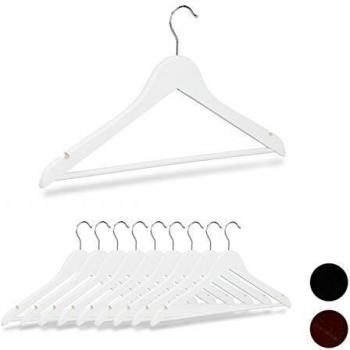 Set de 10 Perchas con Gancho Rotativo Relaxdays 44,5 cm Madera Blanca
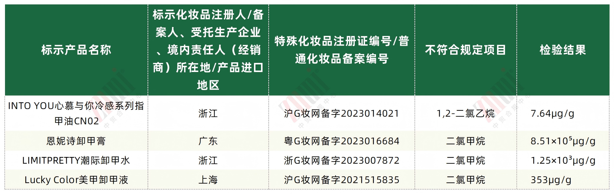 说明:1,2-二氯乙烷收录于《化妆品禁用原料目录》序号465;二氯甲烷收录于《化妆品禁用原料目录》序号1271
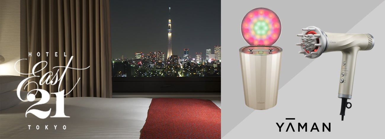 ヤーマン株式会社(代表取締役社長:山﨑貴三代、所在地:東京都江東区)は、東京の東エリアに位置するラグジュアリーホテル「ホテル イースト21東京」(総支配人:髙麗 積克、所在地:東京都江東区東陽)との取り組みを開始し、理想の美を先端テクノロジーと常識を超えるアイデアで叶える当社の基幹ブランド「YA-MAN TOKYO JAPAN」より、エイジングケアスチーマー『フォトシャイン』と、美顔器機能を搭載し最高峰の美髪テクノロジーを駆使したドライヤー『リフトドライヤー』の2製品を2022年5月1日(日)よりスイートルームなど14室の客室に設置いたします。
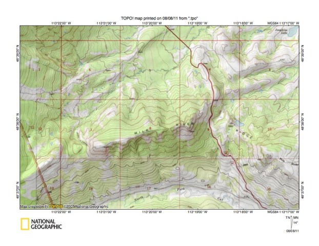 Detailed map of South Fork Milk River-North Fork Cut Bank Creek drainage divide area
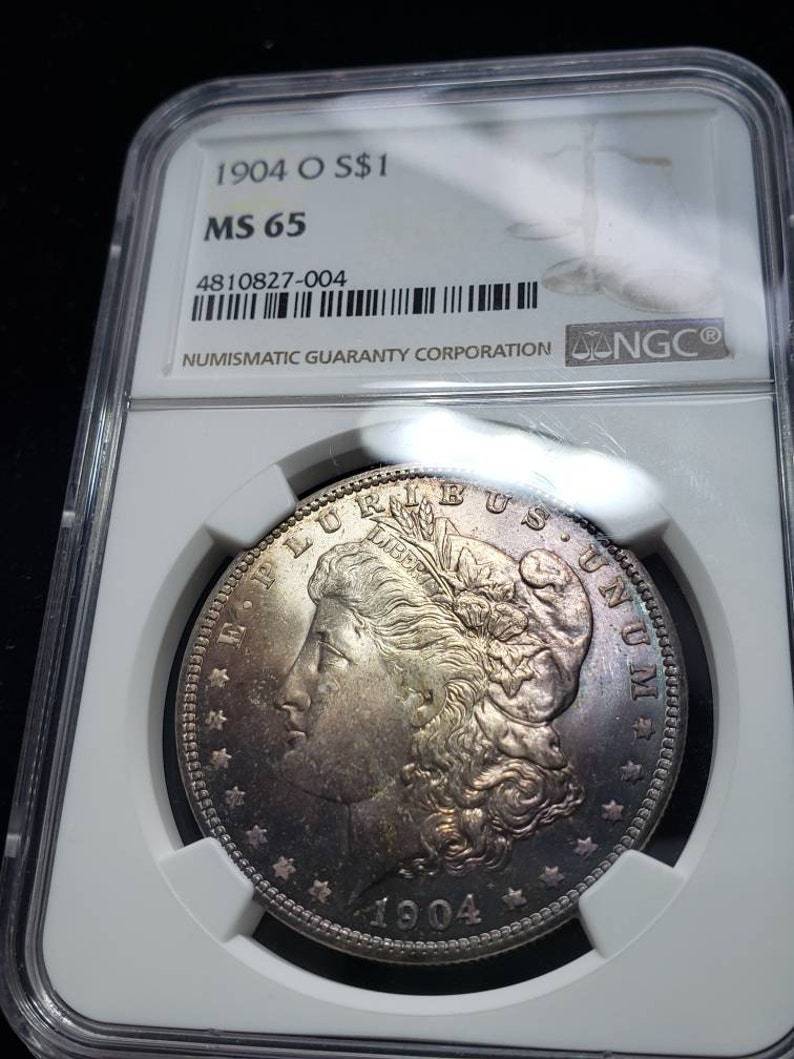 We accept Crypto - Message first before checking out! 1904 O Morgan Silver Dollar MS65 NGC Graded - Beautiful color - Lot# 1465. This coin is Certified MS63 by NGC. Shipped Priority. . Orders over $300 will all be shipped with Signature Confirmation and Insurance. If you would like to order multiple items on this website, please message me directly so I can send you a customized invoice at a discount.

· · ·

# Exercise aim
Using the data above, return the lines from the one holding "说明:1,2-二氯乙烷收录于" through the one holding "Detailed map of" exactly, but not the pictures.

# Solution for this task
 说明:1,2-二氯乙烷收录于《化妆品禁用原料目录》序号465;二氯甲烷收录于《化妆品禁用原料目录》序号1271
 ヤーマン株式会社(代表取締役社長:山﨑貴三代、所在地:東京都江東区)は、東京の東エリアに位置するラグジュアリーホテル「ホテル イースト21東京」(総支配人:髙麗 積克、所在地:東京都江東区東陽)との取り組みを開始し、理想の美を先端テクノロジーと常識を超えるアイデアで叶える当社の基幹ブランド「YA-MAN TOKYO JAPAN」より、エイジングケアスチーマー『フォトシャイン』と、美顔器機能を搭載し最高峰の美髪テクノロジーを駆使したドライヤー『リフトドライヤー』の2製品を2022年5月1日(日)よりスイートルームなど14室の客室に設置いたします。
 Detailed map of South Fork Milk River-North Fork Cut Bank Creek drainage divide area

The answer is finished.